There are two state tables available to your program.

Source IP state table

The source IP state table stores state keyed by source IP address. Each entry contains:

Field	Type	Description
Status	Enum	The status of the source IP: `None` (0), `Challenged` (1), `Verified` (2), or `Blocklisted` (3).
User data	`u64`	A user-defined value you can set for any purpose.

The default maximum capacity is 1,000 entries.

Use the following helper functions to interact with this table:

get_src_ip_status — Retrieve the status of the current packet's source IP.
set_src_ip_status — Set the status of the current packet's source IP.
get_src_ip_data — Retrieve the user data for the current packet's source IP.
set_src_ip_data — Store user data for the current packet's source IP.

An entry is created in the source IP state table under the following conditions:

the program calls set_src_ip_status to mark a source IP as Challenged, Verified, or Blocklisted.
the program calls set_src_ip_data to store custom u64 data for a source IP.
the program calls set_challenge for a new source IP that does not have an existing entry in the table.

Flow state table

The flow state table stores state keyed by the 4-tuple: source IP, source port, destination IP, and destination port. Each entry contains a u64 value you can set for any purpose.

The default maximum capacity is 10,000 entries.

Use the following helper functions to interact with this table:

get_flow_data — Retrieve the user data for the current flow.
set_flow_data — Store user data for the current flow.

An entry is created in the flow state table under the following conditions:

the program calls set_flow_data to store custom u64 data for a flow.

Cache behavior

Both state tables are LRU (least recently used) caches. If a table reaches its maximum capacity, the oldest entry is evicted to make room for new entries. Entries are also garbage collected if they have not been accessed in one hour.

BPF helper functions and structures

A helper function is a function provided by the Cloudflare runtime that a customer program calls.

Helper functions are crucial because the BPF Instruction Set Architecture (ISA) only supports certain system calls. For safety purposes, Cloudflare will only compile a BPF object file with a predetermined list of known libraries that a program developer cannot modify.

Helper function definitions and verifier wrapper sources are available on GitHub ↗.

Helper functions

`parse_packet_data`

Constructs cf_ebpf_parsed_headers from cf_ebpf_generic_ctx and cf_ebpf_packet_data.
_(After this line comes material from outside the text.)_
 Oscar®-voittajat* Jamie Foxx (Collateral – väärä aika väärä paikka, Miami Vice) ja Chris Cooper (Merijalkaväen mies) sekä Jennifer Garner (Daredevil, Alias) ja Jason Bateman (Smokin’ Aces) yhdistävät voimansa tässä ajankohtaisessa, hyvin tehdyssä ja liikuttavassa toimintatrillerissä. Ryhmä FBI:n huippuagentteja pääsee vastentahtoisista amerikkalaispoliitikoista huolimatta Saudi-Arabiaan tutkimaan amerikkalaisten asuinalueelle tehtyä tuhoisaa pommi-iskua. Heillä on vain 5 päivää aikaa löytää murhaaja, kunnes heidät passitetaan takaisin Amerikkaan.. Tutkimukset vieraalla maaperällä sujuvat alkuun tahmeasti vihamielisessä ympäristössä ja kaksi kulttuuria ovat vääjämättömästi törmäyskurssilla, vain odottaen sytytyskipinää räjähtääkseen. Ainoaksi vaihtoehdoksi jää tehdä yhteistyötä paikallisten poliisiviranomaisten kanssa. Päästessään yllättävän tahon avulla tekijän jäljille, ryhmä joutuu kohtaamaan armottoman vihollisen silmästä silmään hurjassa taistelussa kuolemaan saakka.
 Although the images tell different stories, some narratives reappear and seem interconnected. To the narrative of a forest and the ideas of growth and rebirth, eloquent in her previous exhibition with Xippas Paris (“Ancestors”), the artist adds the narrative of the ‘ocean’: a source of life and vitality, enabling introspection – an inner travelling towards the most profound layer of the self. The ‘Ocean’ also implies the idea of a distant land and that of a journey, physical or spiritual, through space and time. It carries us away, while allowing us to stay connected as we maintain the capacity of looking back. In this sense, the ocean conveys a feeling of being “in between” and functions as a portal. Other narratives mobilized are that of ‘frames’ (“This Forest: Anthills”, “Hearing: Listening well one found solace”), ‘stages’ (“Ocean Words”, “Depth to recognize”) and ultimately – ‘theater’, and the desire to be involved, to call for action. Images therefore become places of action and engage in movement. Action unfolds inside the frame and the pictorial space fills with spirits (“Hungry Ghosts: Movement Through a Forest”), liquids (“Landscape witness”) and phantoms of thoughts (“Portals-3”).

Performs required memory checks to pass the verifier.

static inline int parse_packet_data(
   struct cf_ebpf_generic_ctx *ctx,
   struct cf_ebpf_packet_data **out_p,
   struct cf_ebpf_parsed_headers *out_headers
);

Arguments:

ctx — Pointer to the generic context passed into the BPF program.
out_p — Pointer to receive the packet data structure.
out_headers — Pointer to receive the parsed headers structure.

Returns: 0 on success, 1 on failure (for example, packet too short or invalid length). On success, out_headers contains valid IP and UDP header pointers.

`rand`

Generates a random unsigned integer.

uint64_t rand(void);

Returns: A random uint64_t value.

`timestamp`

Returns the current UNIX timestamp (number of non-leap seconds since January 1, 1970 0:00:00 UTC).

int64_t timestamp(void);

Returns: The current timestamp as an int64_t.

`hash_md5`

Computes MD5 hash of the source buffer and stores the result in the destination buffer.

int hash_md5(uint8_t *src, size_t src_len, uint8_t *dest, size_t dest_len);

Arguments:

src — Pointer to the source buffer.
src_len — Length of the source buffer in bytes.
dest — Pointer to the destination buffer (must be at least 16 bytes).
dest_len — Length of the destination buffer in bytes.

Returns:

Positive value (number of bytes written) on success.
-1 if the source buffer is invalid.
-2 if the destination buffer is null or too small.

`hash_sha256`

Computes SHA-256 hash of the source buffer and stores the result in the destination buffer.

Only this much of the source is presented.